The James Webb Space Telescope has uncovered starkly asymmetrical atmospheres on the ultra-hot exoplanet WASP-121 b, revealing that dawn and dusk operate under fundamentally different physical conditions.
WASP-121 b orbits so close to its star that one side faces perpetual daylight while the other endures eternal night. Observations show the evening terminator significantly hotter and more expanded than the morning terminator, defying expectations of symmetry. Fierce winds transport heat from the scorched dayside across the planet, accumulating energy on the sunset region and creating a temperature gradient between the two twilight zones.

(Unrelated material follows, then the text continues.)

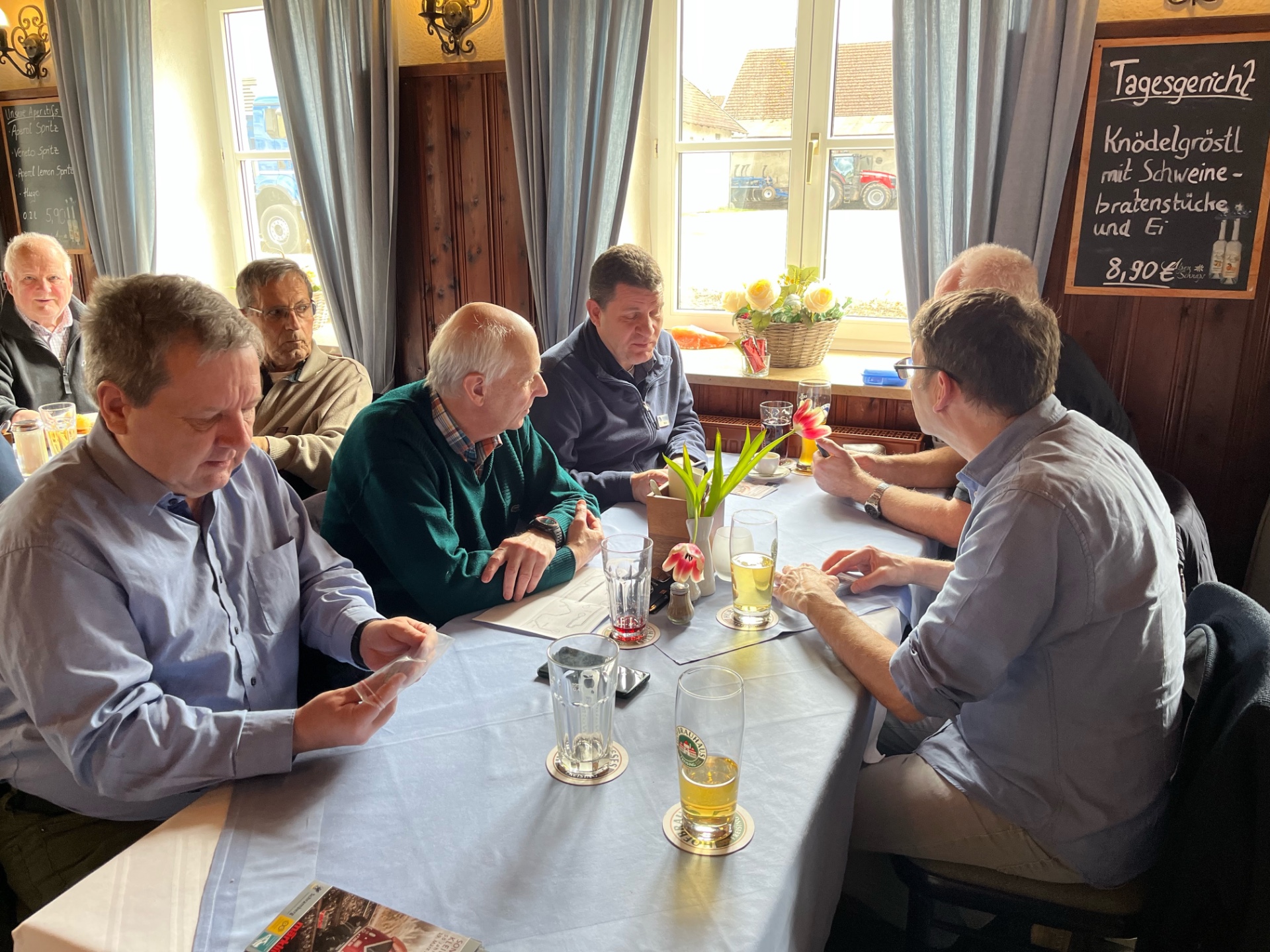 Komme gerade von unserem heutigen Stammtisch zurück. Na ja, wenn man die Bilder betrachtet war es eher ein Stammlokal, es gab keinen Tisch in der Wirtsstube, den wir nicht besetZt haben.

JWST detected water molecules fragmenting under extreme temperatures, a process called photodissociation. The intense stellar radiation splits H2O into hydrogen and oxygen atoms, fundamentally altering atmospheric chemistry on the dayside. The detection of these breakdown products provides direct evidence of atmospheric dynamics on a world roughly 1,200 light-years away.

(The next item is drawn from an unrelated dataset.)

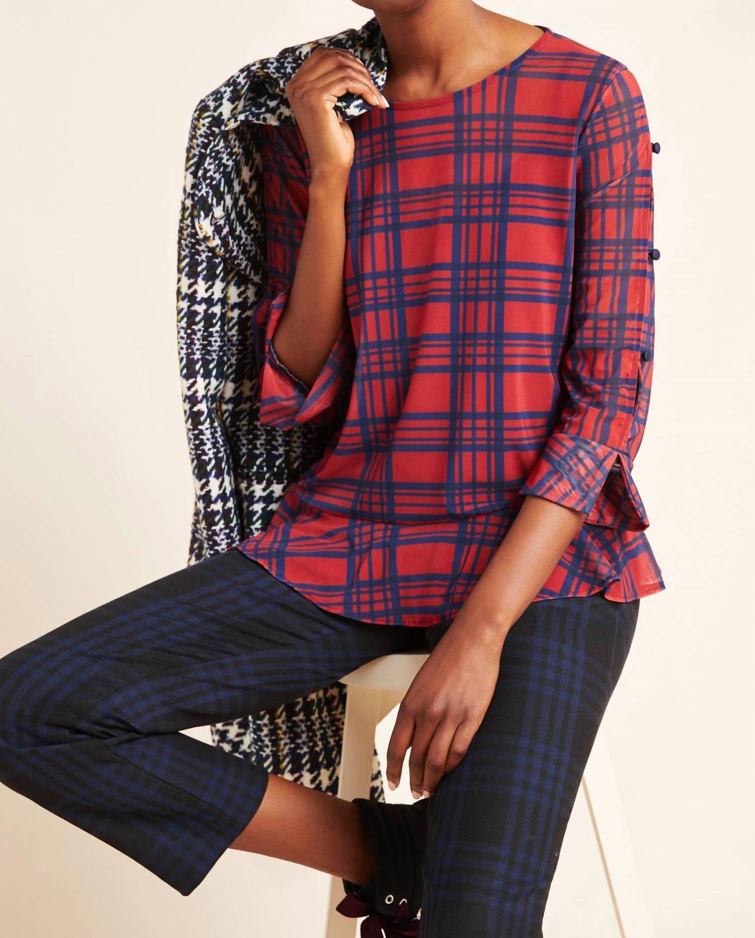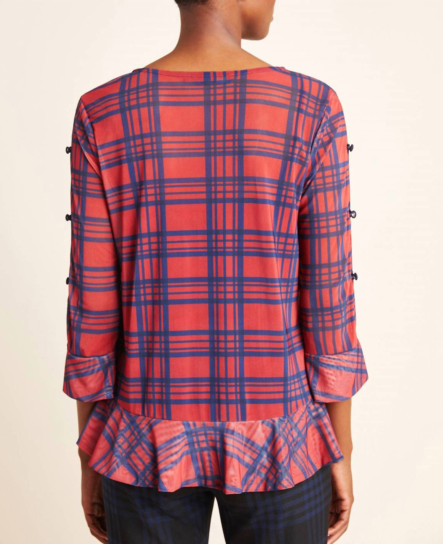 Great fit, cute design, soft fabric. You'll love everything about this long sleeve tee. Elevate your fall wardrobe in the vibrant Rachel Island Plaid. Features a stylish boatneck and three-quarter sleeves, complete with side slit detail and matching buttons for added flair. Boasts a flounced hem. Made from 100% polyester. Offering a lightweight, barely-there feel. Closure is effortless with pull-on styling.

The research team also identified mineral clouds on the cooler morning side. These condensates appear to play an outsized role in shaping atmospheric structure and composition in regions where temperatures drop enough for solid particles to form. The clouds influence heat absorption and reflection, contributing to the dawn-dusk asymmetry.

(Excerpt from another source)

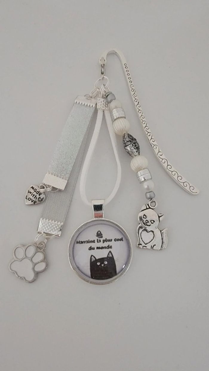 Cadeau marraine, bijoux de sac ou marque page " marraine la plus cool du monde"

WASP-121 b presents an extreme laboratory for atmospheric science. With temperatures exceeding 2,400 Kelvin on its dayside, the planet represents conditions unlike anything in our solar system. The observations demonstrate JWST's unprecedented capability to resolve atmospheric properties across individual exoplanet terminator regions, revealing wind patterns, chemical transformations, and cloud processes once thought inaccessible to direct study.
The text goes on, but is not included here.